◆ Work instruction:
Please print the entries below exactly, from the line with "Ma è nella forma" through the line with "This Galleria Calendar", including both of those lines and leaving out all others.

◆ Exercise inputs:
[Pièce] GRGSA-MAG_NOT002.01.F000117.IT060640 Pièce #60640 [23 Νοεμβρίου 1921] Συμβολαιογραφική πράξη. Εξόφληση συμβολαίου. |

---

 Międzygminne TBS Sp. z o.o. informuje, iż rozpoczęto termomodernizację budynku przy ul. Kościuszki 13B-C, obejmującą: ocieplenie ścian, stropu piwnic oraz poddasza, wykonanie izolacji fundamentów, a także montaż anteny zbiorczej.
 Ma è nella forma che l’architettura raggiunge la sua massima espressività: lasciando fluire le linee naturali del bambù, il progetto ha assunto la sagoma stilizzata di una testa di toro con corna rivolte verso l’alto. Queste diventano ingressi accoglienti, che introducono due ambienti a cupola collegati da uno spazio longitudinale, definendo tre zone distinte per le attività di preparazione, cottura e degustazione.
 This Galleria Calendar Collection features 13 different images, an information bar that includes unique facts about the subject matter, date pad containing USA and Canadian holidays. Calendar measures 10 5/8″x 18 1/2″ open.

◆ Result of this exercise:
 Ma è nella forma che l’architettura raggiunge la sua massima espressività: lasciando fluire le linee naturali del bambù, il progetto ha assunto la sagoma stilizzata di una testa di toro con corna rivolte verso l’alto. Queste diventano ingressi accoglienti, che introducono due ambienti a cupola collegati da uno spazio longitudinale, definendo tre zone distinte per le attività di preparazione, cottura e degustazione.
 This Galleria Calendar Collection features 13 different images, an information bar that includes unique facts about the subject matter, date pad containing USA and Canadian holidays. Calendar measures 10 5/8″x 18 1/2″ open.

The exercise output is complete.